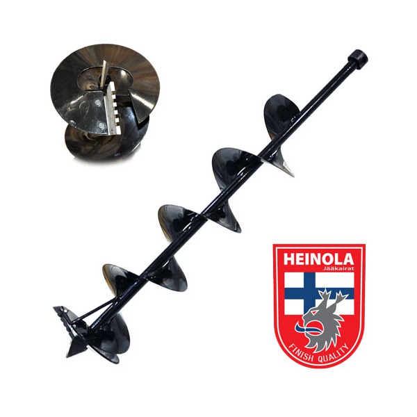 Шнек HEINOLA Moto Hard имеет один режущий зубчатый нож и мощный стационарный центрирующий нож. Шнек имеет очень прочную конструкцию. Основное предназначение шнека – сверление льда в специфичных условиях, когда в нем могут встретиться вмерзшие ветви деревьев, камыша, листвы и т.д. В таких тяжелых условиях работы один нож значительно снижает нагрузку на работающий двигатель. Этим шнеком можно продолжать работу по сверлению лунок даже при небольших повреждениях ножа. За счет простой конфигурации ножа, его несложно заточить. Скорость сверления льда шнеком HEINOLA Moto Long несколько ниже, чем у двухножевого шнека. Шнеки изготавливаются двух размеров: диаметром 210 и 260 мм. Шнеки комплектуются моторным болтом М8, ключом и пластиковым защитным чехлом. Материал ножа – углеродистая сталь. Для сверления более толстого льда, шнеки совместимы с удлинителями HLE8 – 300 и HLE8 – 490.
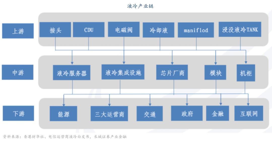 相比于風冷技術,液冷具有更高的冷卻效率和成長性。根據中國證券報研究,產品零部件提供商、液冷服務器提供商及算力使用者貫穿整個液冷產業生態的上、中、下游。我國液冷技術起步稍晚于國外,但起步后發展迅速,后期與國外發展進程基本同步,并且在液冷規模試點應用方面積累了豐富經驗。
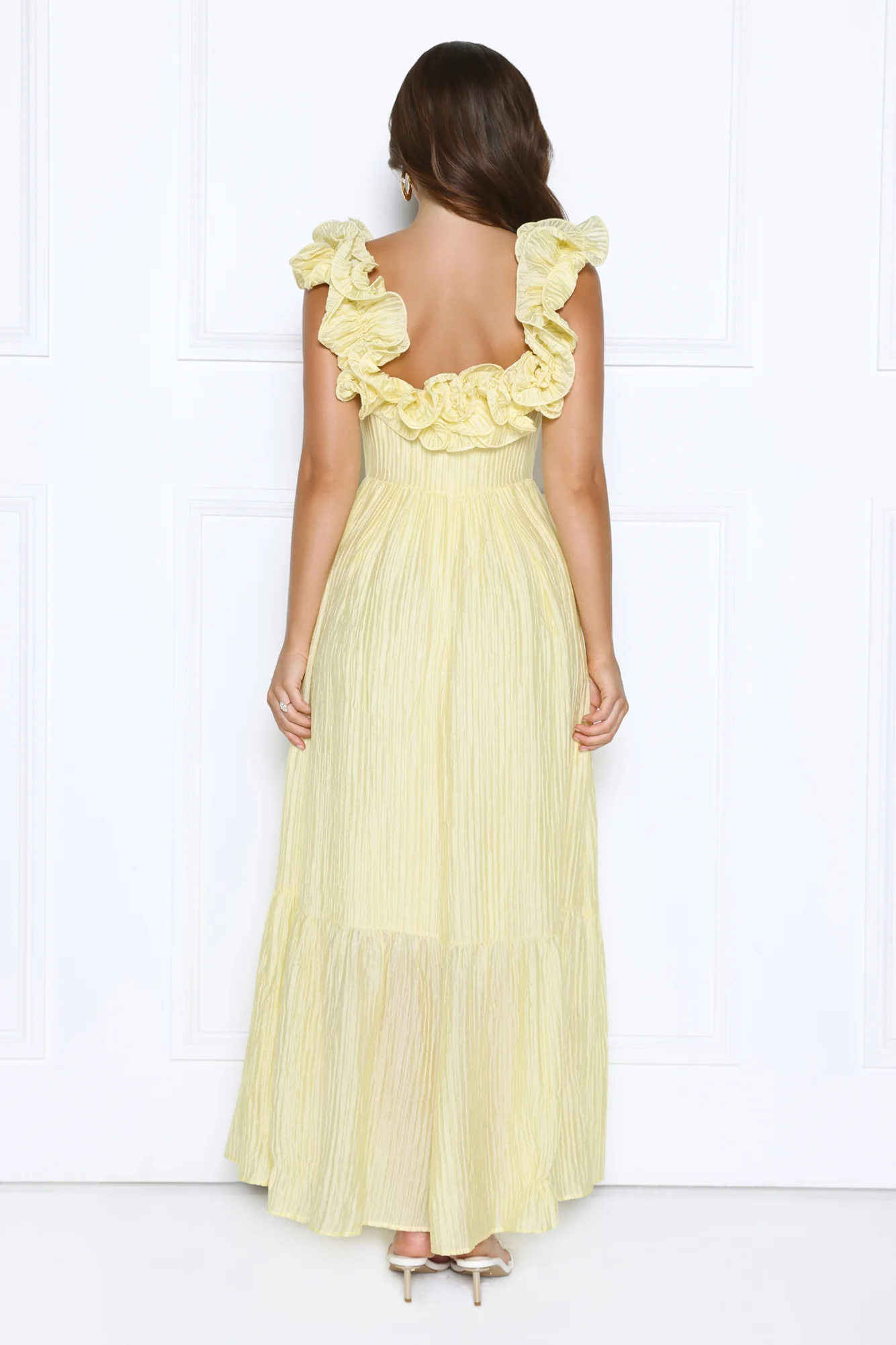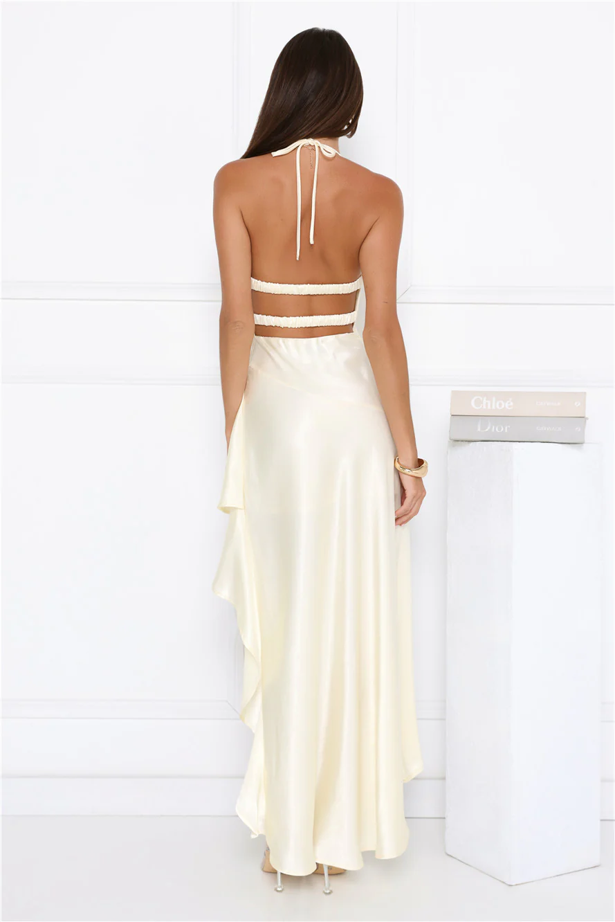 Shimmer Shake Halter Satin Maxi Dress Yellow
○ ○ ○ ○ ○
PROBLEM DESCRIPTION> Would you output the data exactly, without any of its images?

EXERCISE RESULT>
 Шнек HEINOLA Moto Hard имеет один режущий зубчатый нож и мощный стационарный центрирующий нож. Шнек имеет очень прочную конструкцию. Основное предназначение шнека – сверление льда в специфичных условиях, когда в нем могут встретиться вмерзшие ветви деревьев, камыша, листвы и т.д. В таких тяжелых условиях работы один нож значительно снижает нагрузку на работающий двигатель. Этим шнеком можно продолжать работу по сверлению лунок даже при небольших повреждениях ножа. За счет простой конфигурации ножа, его несложно заточить. Скорость сверления льда шнеком HEINOLA Moto Long несколько ниже, чем у двухножевого шнека. Шнеки изготавливаются двух размеров: диаметром 210 и 260 мм. Шнеки комплектуются моторным болтом М8, ключом и пластиковым защитным чехлом. Материал ножа – углеродистая сталь. Для сверления более толстого льда, шнеки совместимы с удлинителями HLE8 – 300 и HLE8 – 490.
 相比于風冷技術,液冷具有更高的冷卻效率和成長性。根據中國證券報研究,產品零部件提供商、液冷服務器提供商及算力使用者貫穿整個液冷產業生態的上、中、下游。我國液冷技術起步稍晚于國外,但起步后發展迅速,后期與國外發展進程基本同步,并且在液冷規模試點應用方面積累了豐富經驗。
 Shimmer Shake Halter Satin Maxi Dress Yellow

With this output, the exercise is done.